Childhood was over all to quickly and now when I see a young baby or a toddler, I think to myself, and sometimes say to the parents, enjoy these days while you can. They soon grow up. At least they’re still there, if not children anymore.

I thought my mother would be there forever, even when her health, and that of my stepfather, declined and they went into care.

I’d visit her every week, sometimes more often. Now and then, a health blip would cause concern, make them that bit weaker, but they’d recover, right?

But in 1999, my mother didn’t recover as an almighty heart attack proved too much for her now spindly and vulnerable frame and suddenly a phone call told me she was gone.

Well, hang on: your mother is there forever. But how she isn’t. How is that fair?

My stepfather struggled on, ravaged by Parkinsons, but I would at least be able to spend some time with him and that would last, well, forever. But one day, the home called me. He was dying and I needed to get there quick.

So I drove there and was with him as he drew his final breath, an incredibly powerful experience than I almost bottled out of feeling, tempted as I was to go into the next room.

But nothing happened. His breathing got slower, shallower and then just stopped, along with his heart.

So what was happening to all this permanence, the people who would always be around?

My father, with whom I had a difficult relationship, was still going strong, living now in Canada.

I visited him for his 75th birthday in 2004 and we became closer and again for his 80th where we became closer still.

Now he was the picture of good and robust health. He’d had his scares along the way but at least he, the salty dog of the sea, would be there for me in the years prior to my own dotage?

And then, in 2011, after a short illness, he took his leave of this world and within a few days I found myself on board an aircraft to Canada to speak at the celebration of his life.

Permanence lay shattered as all the older members of my close family had now gone and I had become the senior member of the family. How did that happen?

I took for granted the presence of my family for too long.

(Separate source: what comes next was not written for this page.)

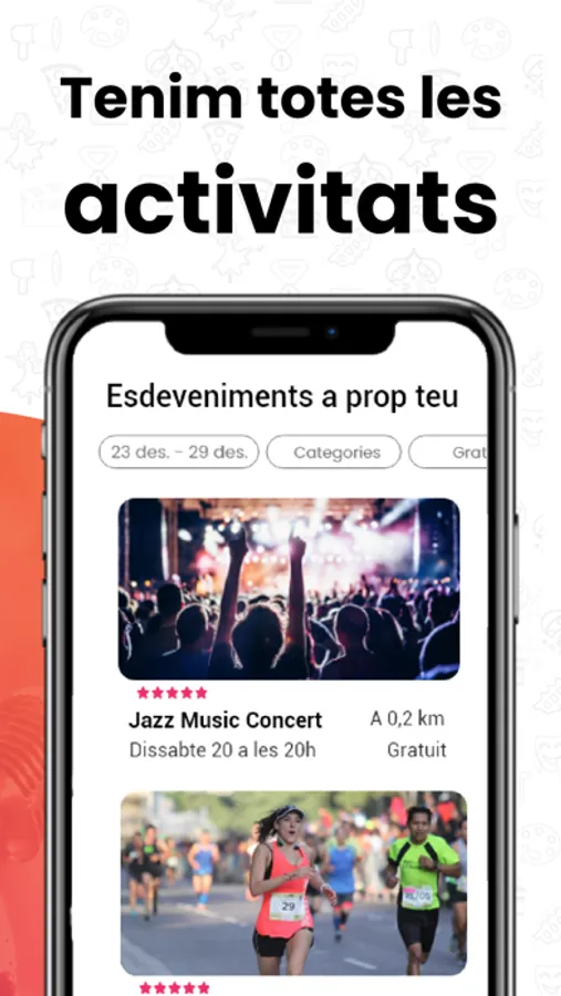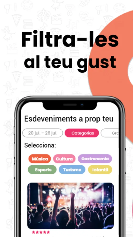 *Filtra les activitats segons el que més et vingui de gust (ex. música, cultura, gastronomia, activitats infantils, esports...)

Yes, I loved them and valued them but I don’t think I took account of the possibility that one day it would just be me and the rest of us who were left behind.

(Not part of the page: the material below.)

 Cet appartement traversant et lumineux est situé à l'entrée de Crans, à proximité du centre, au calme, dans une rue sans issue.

I could, I suppose, have prolonged the feeling of permanence, of living forever, by reading the good book (if you can call a book like the bible ‘the good book’ given all it’s murder, mayhem and bloodshed) and convinced myself I would survive my own death and meet again the my family members who, I assume, would magically turn up in heaven after their cremation.

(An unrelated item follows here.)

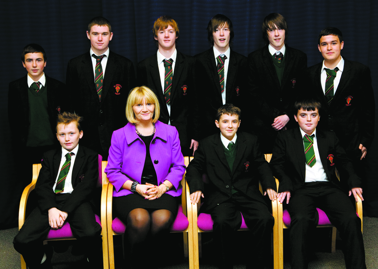 Martina McCarron, vice-principal with students who received Attendance Awards for five years or more. Seated, on left, are Ciaran Martin, and, from right, Jasen Abel and Niall McCafferty. Standing, from left, are Gary McClelland, Lee Porter, Caolan Davis, Connor Shiels, Emmet Shiels and William Doherty.

But rather than seek false hope based on faith (believe without evidence), wasn’t it better to accept the inevitable, that God wasn’t really here and that nothing lasts forever?

Sir Alex Ferguson isn’t going to live forever and he can’t walk on water either (not that you’d know that from listening to the football phone-ins).

He wasn’t going to lead Manchester United into eternity, which at least gives a different sort of hope for the rest of us who don’t support them.

Like many people, I feel the same as I did 20 years ago, apart from the increasingly whitening hair and aching bones and joints – oh, and the hangovers that seem to last so much longer – and, well that will do for now. Maybe I am feeling my age after all and, contrary to the belief of my youth, I’m not immortal.

Sir Alex retiring is a useful reminder that you’d best do the things you want to do and can afford to do because, sadly to Noel Gallagher’s desperate plea that he wants to “live forever” the bad news is that none of us will.